A few years later, Sampaio and Wang (2010, 2012) and Crawford and Jones (2011) reported that in specific circumstances, individuals can flexibly use an alternative categorization scheme in a circle: (a) when clear, reliable visual borders of an alternative category are provided during retrieval, and (b) when identifying membership information based on unique target features (i.e., semantic information) is available during encoding. These findings are consistent with research in the developmental literature showing that visible boundary cues can be used to form spatial categories in space (e.g., Hund, Plumert, & Benney, 2002). The data are moreover consistent with a more recent view that spatial categories can indeed be flexible and created by the individual to perform a given task (Hund & Plumert, 2005). Hund and Plumert suggest that people combine remembered information in memory, perceptually available information, and task goals to carve up the space.

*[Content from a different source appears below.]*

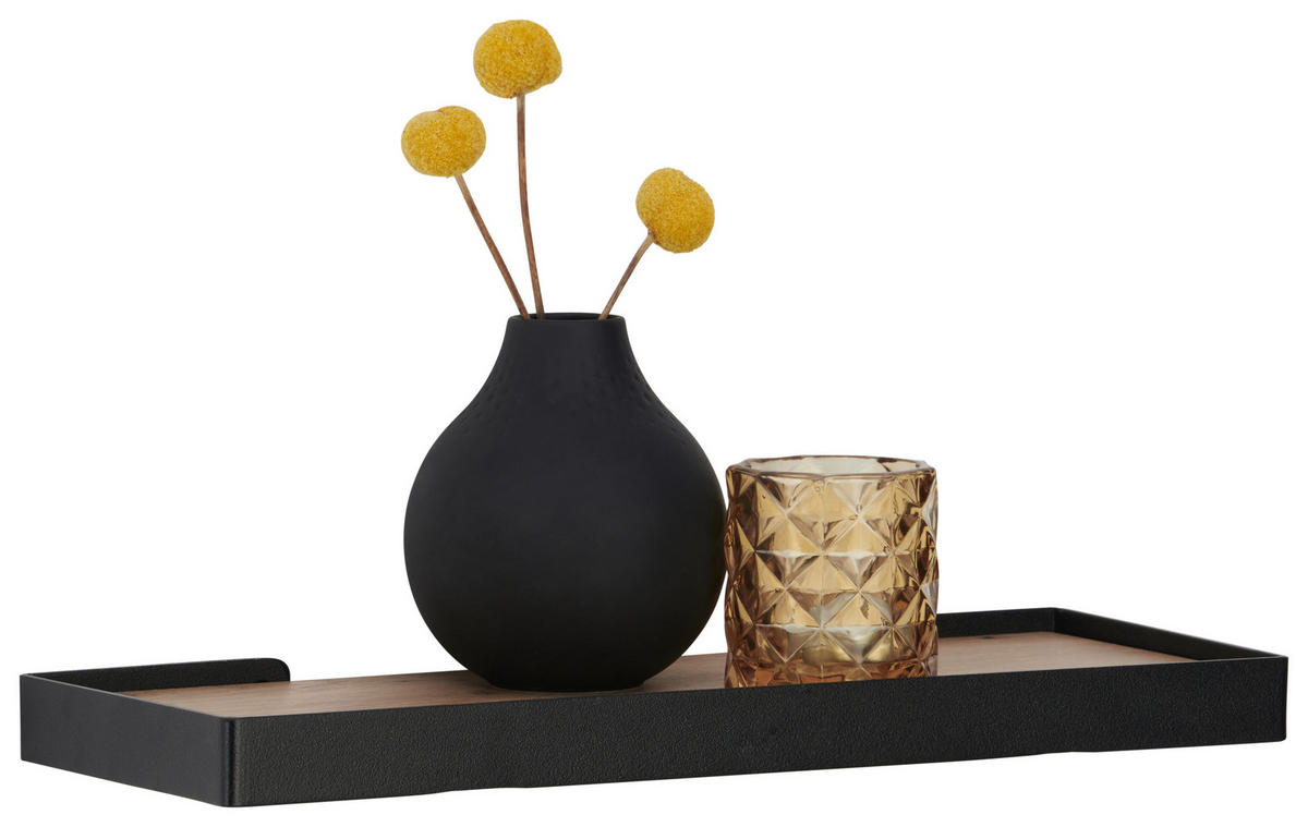 POLICA ZIDNA crna, boje hrasta metal, drvni materijal

In Experiment 2, we used the shape of distribution analysis to differentiate among possible mechanisms by which these sources of categorical information (in this case, the default and alternative) are integrated with metric information to form biased responses. To account for potential multiple mechanisms, we conducted a distribution analyses for each participant individually. Next, we divided the participants into two groups based on whether they showed systematic bias toward the default L-category or toward the alternative V-category and examined the shape (skewness) of the distribution for the two groups separately to assess the underlying mechanism in each case.

Method

Participants

The participants were 30 undergraduate students, 80% female, from Western Washington University, who carried out the experiment to partially fulfill a course requirement.

Materials and procedure

We adopted the stimuli from Sampaio and Wang’s (2010) Experiment 2 (see Fig. 2). The procedure was similar to the typical dot localization task, in which subjects briefly see a target within a circular space and reproduce its location from memory. The only variation from the standard task was that a “V” marking the boundaries of an alternative category for each target was presented at retrieval. That is, the “V” was 90° in size and rotated 45° from the Cartesian axes.

Fig. 2
figure 2

Schematic distribution of targets in bin 1 (darker shading) and bin 2 (lighter shading) and experimental procedure for Experiment 2

There were 160 trials in the experiment. The circle in this experiment measured 18.5 cm in diameter. The targets were blue squares randomly placed inside the circle, between the range of 5–15° away from the default category boundaries (i.e., the vertical and horizontal axes) or the range of 5–15° away from the alternative category boundaries (i.e., the diagonals). The targets were placed at a random radius, varying between 1.0 and 8.2 cm.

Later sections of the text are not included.